Wybory w USA. Równowaga zostanie zachowana
Tego typu zwycięstwa opozycja w USA bardzo potrzebowała. Czytając doniesienia światowych mediów można wręcz odnieść wrażenie, że potrzebował go cały świat, bo cały świat obwieszcza wielkie zwycięstwo Demokratów w wyborach uzupełniających do Kongresu. Rzeczywiście, znajdujący się od 8 lat w defensywie Demokraci zdobyli kontrolę nad niższą izbą amerykańskiego parlamentu. Większość w Izbie Reprezentantów przyniosły im głowy amerykańskich miast i ich przedmieść, zniechęconych ostrą antyimigrancką retoryką Donalda Trumpa, mocno wspierającego republikańskich kandydatów w kampanii. To przetasowanie oznacza, że zdominowana przez opozycję Izba ostrzej dobierze się do skóry prezydentowi. Seria śledztw w sprawie nieprawidłowości wewnątrz administracji i w otoczeniu samego Trumpa nie będzie mogła już być tak skutecznie opóźniana przez republikanów. Może nawet dojść do próby impeachmentu, czyli odwołania prezydenta USA. Demokraci w Izbie mówili o tym już od dawna.

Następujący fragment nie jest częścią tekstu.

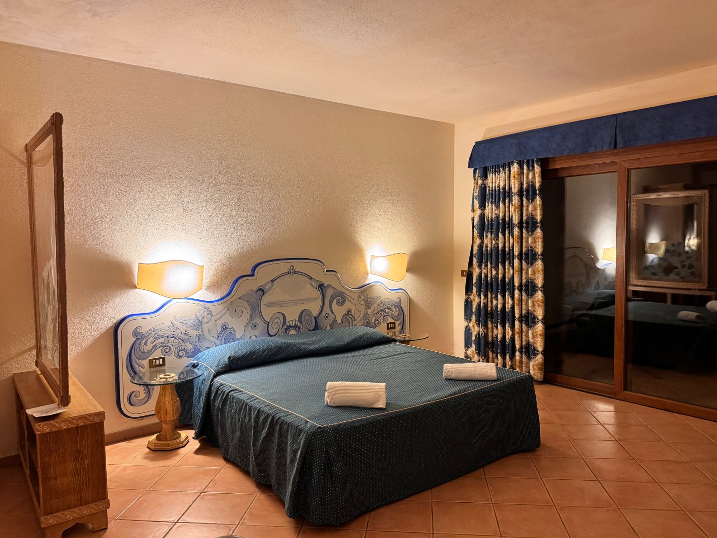 - Pokój standardowy w części Borgo: Powierzchnia ok. 28 m², dla 2 osób z możliwością 1 lub 2 dostawek dla dzieci, optycznie wydzielona część dzienna. Indywidualnie sterowana klimatyzacja (czynna w terminie 15.06-15.09), łazienka z prysznicem, WC i suszarką do włosów, telewizor, sejf, balkon lub taras (większość pokoi z widokiem na basen), minibar (płatny), łóżeczko dla dziecka do 2 lat na zamówienie za opłatą.

Z drugiej jednak strony ta sama antyimigrancka retoryka, która przyniosła Republikanom klęskę w Izbie Reprezentantów, okazała się bardzo skuteczna w Senacie, gdzie zwiększyli oni po wtorkowych wyborach stan posiadania. Pozwoli to kontynuować Trumpowi zmiany w sądownictwie, zarówno na poziomie Sądu Najwyższego, jak i sądów federalnych. Nominacje na te stanowiska zatwierdza Senat, co oznacza, że większe szanse mają konserwatywni kandydaci, którzy powoływani są na dożywotnie kadencje. Nawet więc, jeśli dysponujący teraz większością w Izbie Reprezentantów Demokraci zdecydują się na frontalny atak na Trumpa, kontrolowany przez Republikanów Senat ma narzędzia do obrony, poprzez wpływ na wymiar sprawiedliwości. Oczywiście nie jest to wpływ bezpośredni, tak źle kojarzony np. w Polsce. Ale nie jest tajemnicą, że konserwatywnie nastawieni sędziowie mogą skutecznie mitygować zapędy nie tyle krytyków czy przeciwników administracji, co jej fanatycznych wrogów, uprzedzonych do wszystkiego co konserwatywne czy republikańskie. Druga część kadencji prezydenckiej Trumpa będzie z pewnością znacznie trudniejsza dla jego politycznego zaplecza, ale zasada równowagi w polityce amerykańskiej zostanie zachowana. Wynik tych wyborów to wielki kłopot dla prezydenta USA, ale można śmiało nazwać go triumfem demokracji, a nie tylko samych Demokratów.